Williston is in northwestern North Dakota's booming oil patch, where adequate, affordable housing has become a concern since the 2010s. According to a February 2014 article in Business Insider, Williston had the highest apartment rents in the United States.

Historical population
| Census | Pop. | Note | %± |
| 1890 | 295 |  | — |
| 1900 | 763 |  | 158.6% |
| 1910 | 3,124 |  | 309.4% |
| 1920 | 4,178 |  | 33.7% |
| 1930 | 5,106 |  | 22.2% |
| 1940 | 5,790 |  | 13.4% |
| 1950 | 7,398 |  | 27.8% |
| 1960 | 11,866 |  | 60.4% |
| 1970 | 11,230 |  | −5.4% |
| 1980 | 13,336 |  | 18.8% |
| 1990 | 13,136 |  | −1.5% |
| 2000 | 12,512 |  | −4.8% |
| 2010 | 14,716 |  | 17.6% |
| 2020 | 29,160 |  | 98.2% |
| 2025 (est.) | 29,522 |  | 1.2% |
U.S. Decennial Census 2020 Census

===Racial and ethnic composition===

Williston, North Dakota – racial and ethnic composition Note: the US Census treats Hispanic/Latino as an ethnic category. This table excludes Latinos from the racial categories and assigns them to a separate category. Hispanics/Latinos may be of any race.
| Race / ethnicity (NH = non-Hispanic) | Pop. 2000 | Pop. 2010 | Pop. 2020 | % 2000 | % 2010 | % 2020 |
|---|---|---|---|---|---|---|
| White alone (NH) | 11,622 | 13,428 | 21,049 | 92.89% | 91.25% | 72.18% |
| Black or African American alone (NH) | 15 | 47 | 1,912 | 0.12% | 0.32% | 6.56% |
| Native American or Alaska Native alone (NH) | 453 | 471 | 691 | 3.62% | 3.20% | 2.37% |
| Asian alone (NH) | 30 | 47 | 545 | 0.24% | 0.32% | 1.87% |
| Pacific Islander alone (NH) | 2 | 4 | 96 | 0.02% | 0.03% | 0.33% |
| Other race alone (NH) | 0 | 2 | 104 | 0.00% | 0.01% | 0.36% |
| Mixed race or multiracial (NH) | 236 | 389 | 1,600 | 1.89% | 2.64% | 5.49% |
| Hispanic or Latino (any race) | 154 | 328 | 3,163 | 1.23% | 2.23% | 10.85% |
| Total | 12,512 | 14,716 | 29,160 | 100.00% | 100.00% | 100.00% |

===2020 census===

As of the 2020 census, Williston had a population of 29,160 and a population density of 1258.7 PD/sqmi. There were 14,417 housing units at an average density of 622.3 /sqmi.

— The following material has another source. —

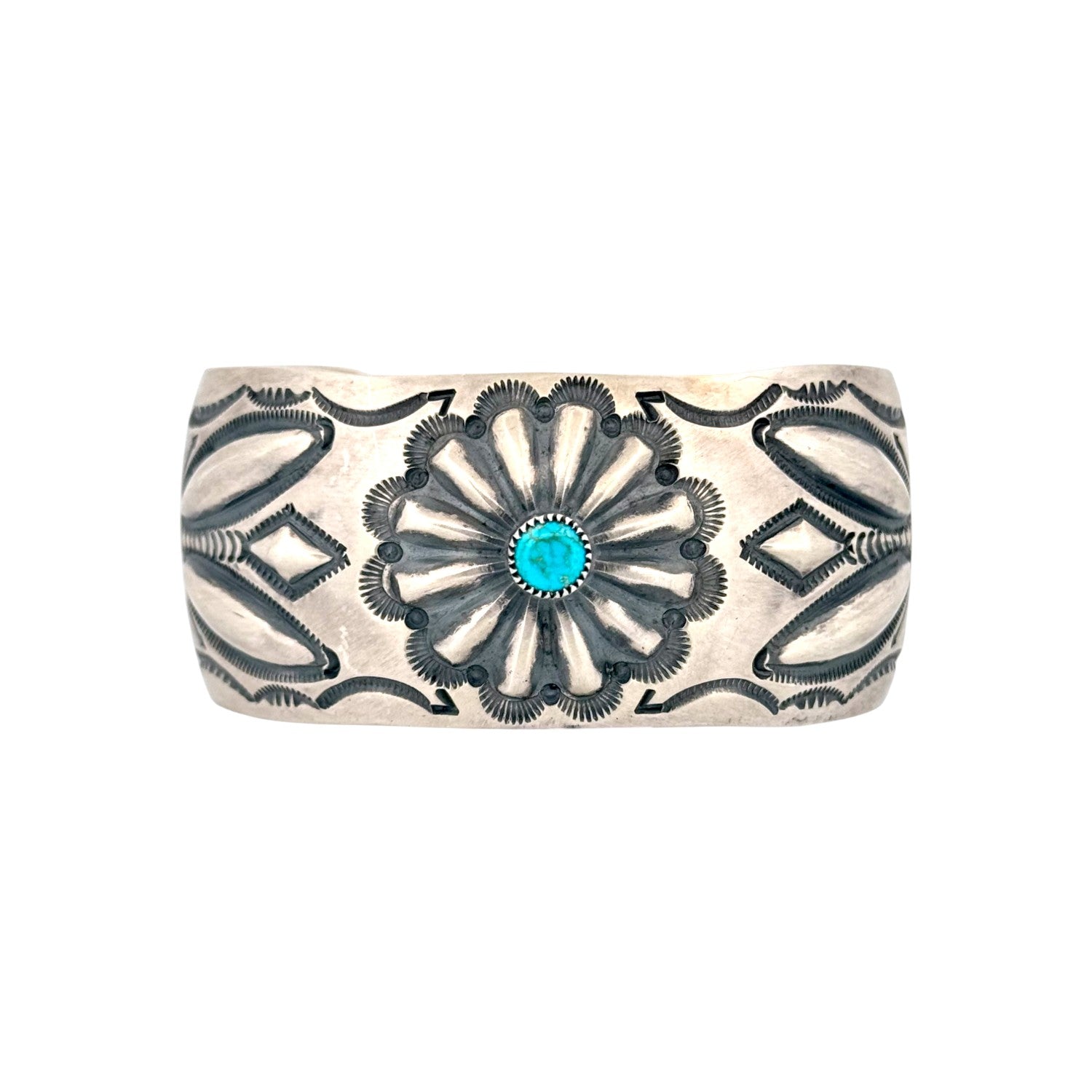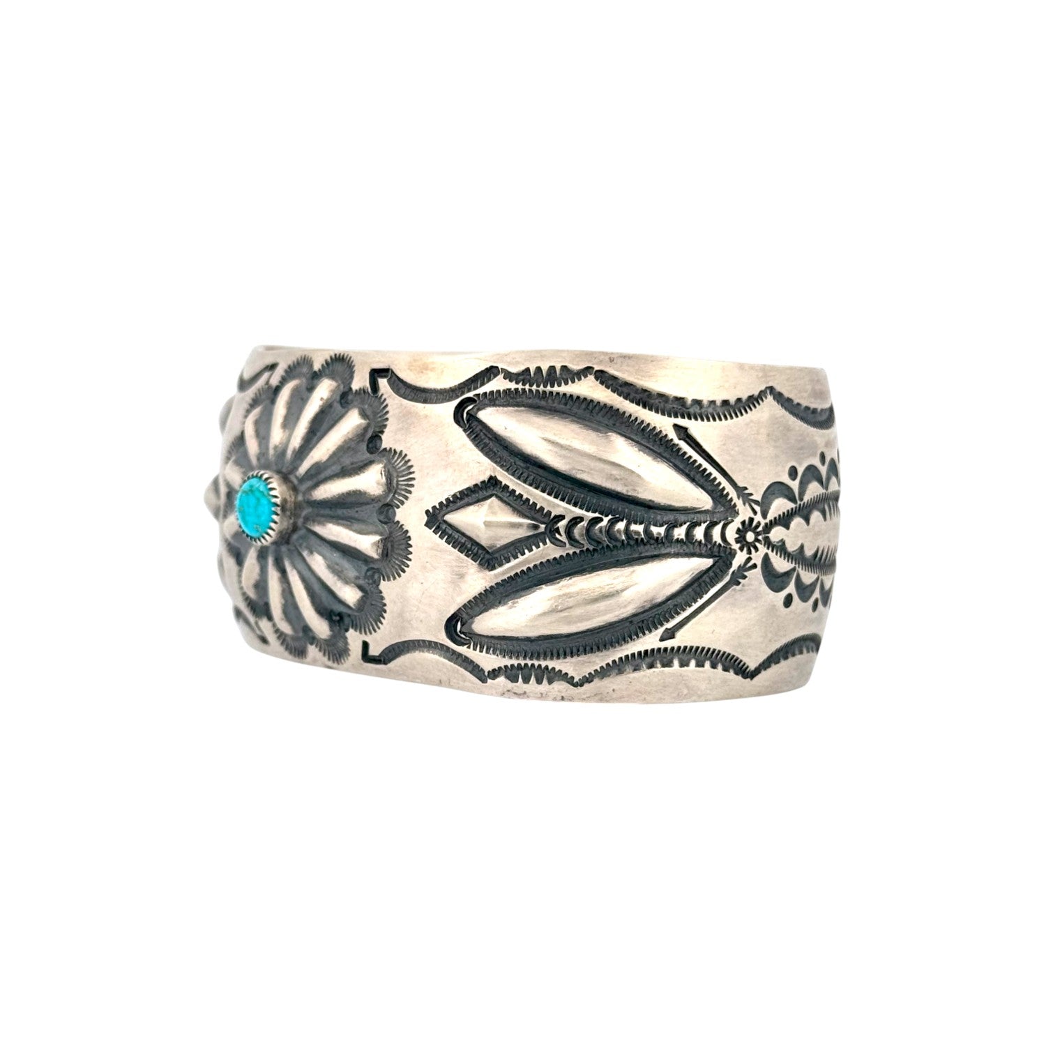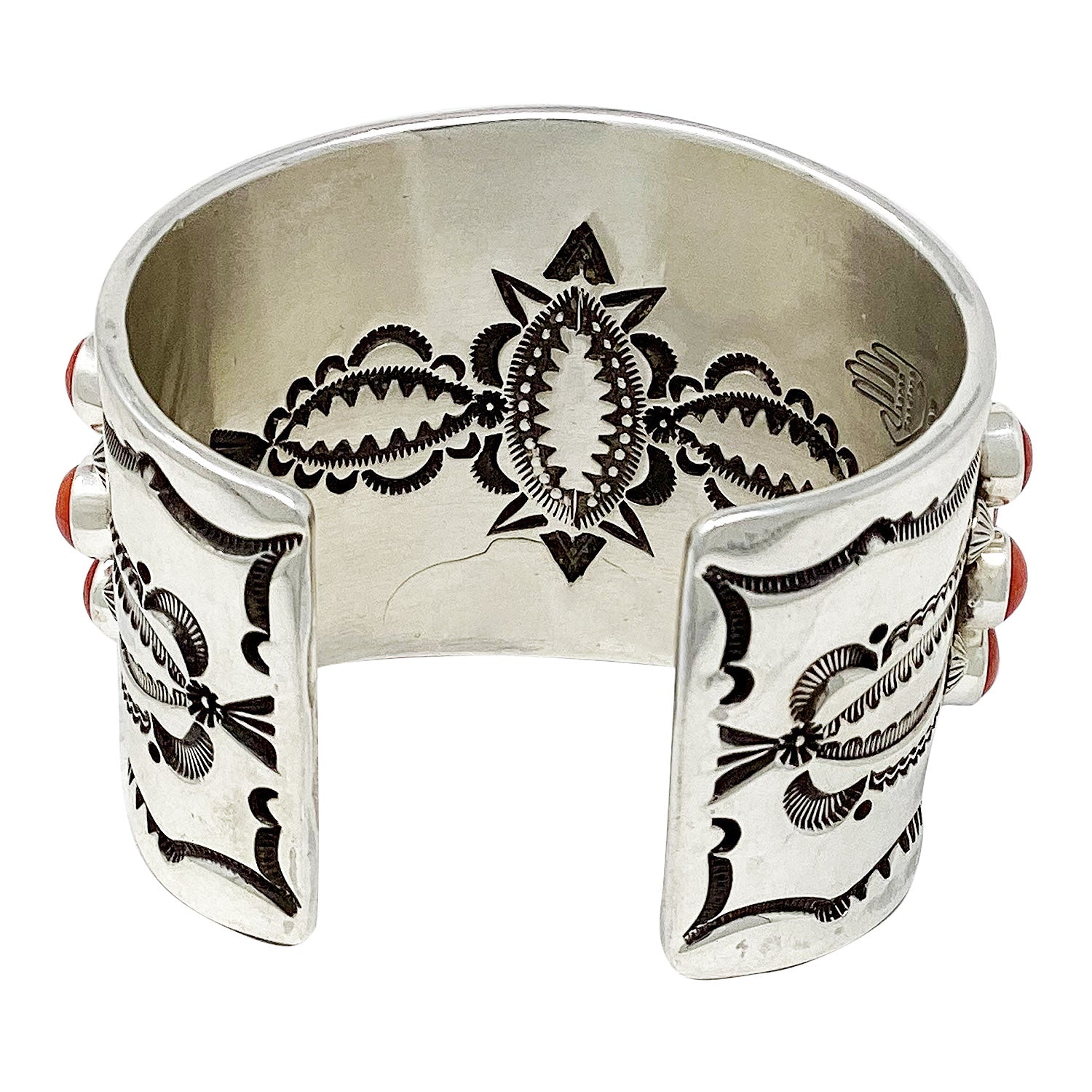 Creation is perhaps the single word that best describes the talent of Aaron Toadlena. He and Eve, his wife of twenty-one years and their two daughters, two sons, and grandson, live with the four sacred mountains of his people the Dine' in the southwest highlands of Arizona.Aaron, understands that his talent is a blessing from the Holy People, with this gift he has sustained the livelihood of his family. All of the jewelry made by Aaron are stamped with a hand print, which is symbolic of the creators five finger clan. The ideas and creation of his jewelry evolve when his mind, heart, eyes and hands work in concert.The stones and shells which he works with have a very special meaning. Just as his progenies have done, his people continue to make their offerings of white shell, turquoise, abalone shell, and jet near the natural streams for goodness of life.With the same thought in mind the precious stones and shells are complemented with silver and gold. Aaron creates the melody of fine craftsmanship in the late evening or early dawn, when the ideas echo from the well of his soul. In the language of his people Toadlena translates into "where the streams come together."

The median age was 30.8 years. 26.4% of residents were under the age of 18, 8.9% were under 5, and 8.1% were 65 or older. For every 100 females there were 118.1 males, and for every 100 females age 18 and over there were 123.8 males.

98.4% of residents lived in urban areas, while 1.6% lived in rural areas.

There were 11,706 households and 6,570 families. 32.7% of households had children under the age of 18 living in them; 39.3% were married-couple households, 31.1% were households with a male householder and no spouse or partner present, and 19.4% were households with a female householder and no spouse or partner present. About 32.6% of all households were made up of individuals, and 6.4% had someone living alone who was 65 years of age or older.

The housing unit vacancy rate was 18.8%; the homeowner vacancy rate was 2.5% and the rental vacancy rate was 22.2%.

Racial composition as of the 2020 census
| Race | Number | Percent |
|---|---|---|
| White | 21,899 | 75.1% |
| Black or African American | 1,960 | 6.7% |
| American Indian and Alaska Native | 764 | 2.6% |
| Asian | 564 | 1.9% |
| Native Hawaiian and Other Pacific Islander | 97 | 0.3% |
| Some other race | 1,264 | 4.3% |
| Two or more races | 2,612 | 9.0% |
| Hispanic or Latino (of any race) | 3,163 | 10.8% |

===American Community Survey===

As of the 2022 American Community Survey, there are 11,410 estimated households in Williston with an average of 2.39 persons per household. The city has a median household income of $80,352. Approximately 7.4% of the city's population lives at or below the poverty line. Williston has an estimated 76.8% employment rate, with 25.8% of the population holding a bachelor's degree or higher and 89.8% holding a high school diploma.

The top nine reported ancestries (people were allowed to report up to two ancestries, thus the figures will generally add to more than 100%) were German (18.0%), Norwegian (15.5%), English (4.5%), Irish (4.5%), Subsaharan African (2.9%), Polish (2.4%), French (except Basque) (2.1%), Scottish (1.3%), and Italian (0.8%).

===2010 census===
As of the 2010 census, there were 14,716 people, 6,180 households, and 3,589 families residing in the city. The population density was 1962.1 PD/sqmi. There were 6,542 housing units at an average density of 872.3 /sqmi. The racial makeup of the city was 92.65% White, 0.35% African American, 3.32% Native American, 0.33% Asian, 0.03% Pacific Islander, 0.35% from some other races and 2.98% from two or more races. Hispanic or Latino people of any race were 2.23% of the population.

There were 6,180 households, of which 29.0% had children under the age of 18 living with them, 44.6% were married couples living together, 9.0% had a female householder with no husband present, 4.5% had a male householder with no wife present, and 41.9% were non-families. 34.6% of all households were made up of individuals, and 12.3% had someone living alone who was 65 years of age or older. The average household size was 2.31 and the average family size was 2.99.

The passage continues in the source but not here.